◆ Work required ◆
Using the records below, give again exactly the lines from the line that contains "TE 产品编号306409-000 44AM1141-20-0/2/5/9-9" through the line that contains "Fot. 2. Grodzisko", both ends included, and only those.

◆ Records ◆
----

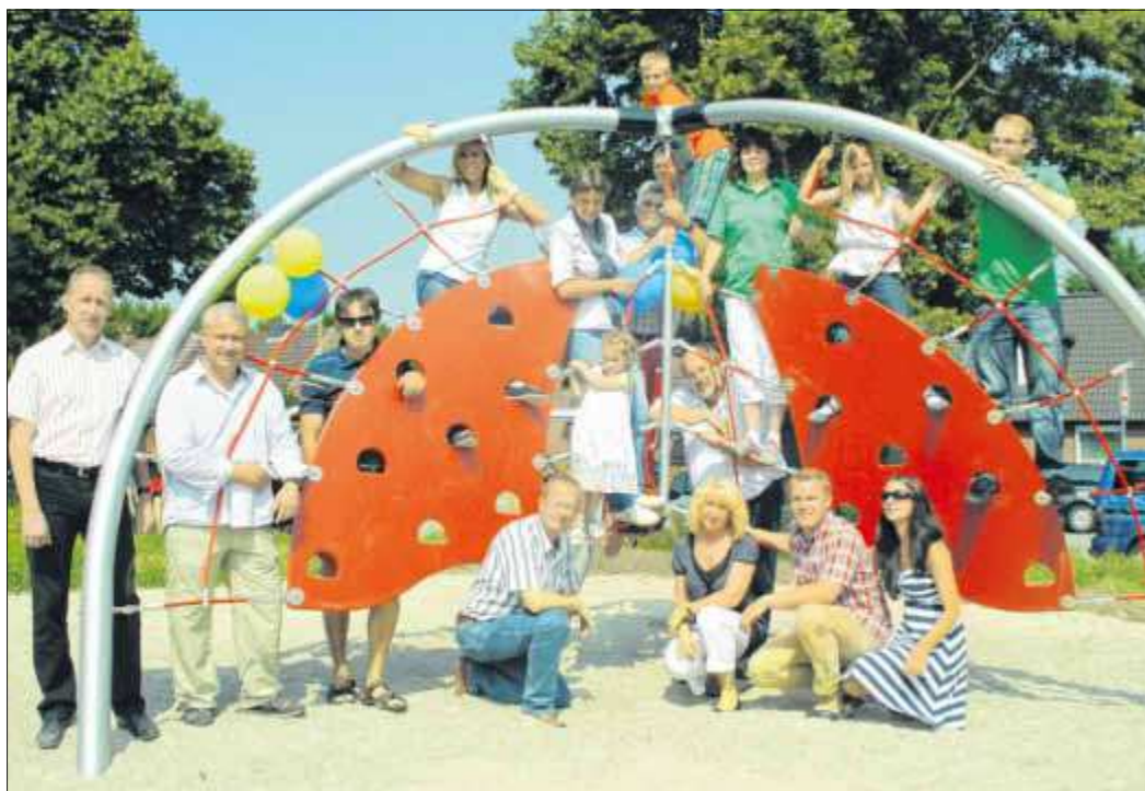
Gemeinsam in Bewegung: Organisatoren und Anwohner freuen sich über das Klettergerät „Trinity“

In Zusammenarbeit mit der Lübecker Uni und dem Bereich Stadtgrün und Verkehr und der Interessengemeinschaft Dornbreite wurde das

----

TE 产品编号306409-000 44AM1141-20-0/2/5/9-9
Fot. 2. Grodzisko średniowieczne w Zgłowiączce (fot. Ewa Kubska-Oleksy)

----

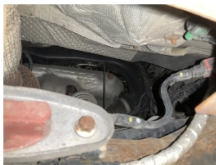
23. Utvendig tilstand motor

----

◆ Response ◆
TE 产品编号306409-000 44AM1141-20-0/2/5/9-9
Fot. 2. Grodzisko średniowieczne w Zgłowiączce (fot. Ewa Kubska-Oleksy)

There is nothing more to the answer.